K-Factor vision of the future.

Thomas C. Weedon weedon at wwnet.net
Sun Sep 29 02:13:35 AKDT 2002


Lee,
I think you have spotted one problem, that of the advertisers. If we have
mostly an on-line version, we would loose much of our advertising revenue.
Tom
  -----Original Message-----
  From: discussion-request at nsrca.org [mailto:discussion-request at nsrca.org]On
Behalf Of Lee Davis
  Sent: Saturday, September 28, 2002 9:51 AM
  To: discussion at nsrca.org
  Subject: RE: K-Factor vision of the future.


  Yes, this is an issue I haven't seen mentioned that needs consideration.

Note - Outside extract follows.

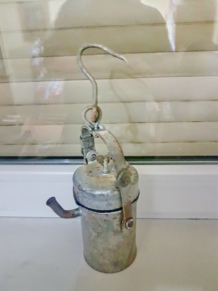 D232-Lampa miner carbit veche Romania metal. Inaltime 22 cm, diametrul 8 cm, adancime 12 cm. Stare buna in patina timpului.

  I did some experimenting with pdf files and the typical page, done in
grayscale, will come in somewhere around 100KB per page.  Full page ads,
around 150KB/page.  This is best case scenario.  Pics and other graphics
will look OK on screen but print poorly.  For print quality pdf files
(300dpi) the size goes way up, 1MB - 2MB per page.  Publish in color and the
file sizes increase more.

  The issues I question are:
  1) How many people who opt for the online version will actually bother to
download?  Broadband internet connections are still in the minority - most
people are still 56Kb dial-up.
  2) What are advertisers going to think about this and how important is
advertising to the K-Factor budget?  As an advertiser, I'm skeptical.

  Lee Davis
  Piedmont Models
  http://www.piedmontmodels.com/

    -----Original Message-----
    From: discussion-request at nsrca.org
[mailto:discussion-request at nsrca.org]On Behalf Of Wade & Barbara Akle
    Sent: Saturday, September 28, 2002 8:34 AM
    To: Discussion rc NSRCA
    Subject: Re: K-Factor vision of the future.

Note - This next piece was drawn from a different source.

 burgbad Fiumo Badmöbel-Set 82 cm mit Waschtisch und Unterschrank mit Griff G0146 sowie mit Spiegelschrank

    I may have missed somebody mentioning the excessive size of the present
k=factor downloads of 5-7 Mbps (:<
    I have great admiration for our web-site team and thank them for it al
the time. And, I am for having the k-factor delivered on the web.

    One question is how come I get to download in pdf format all kind of
manuals and pages of information larger than the k-factor in a reasonable
time and yet have avoided the k-factor because of the time it takes??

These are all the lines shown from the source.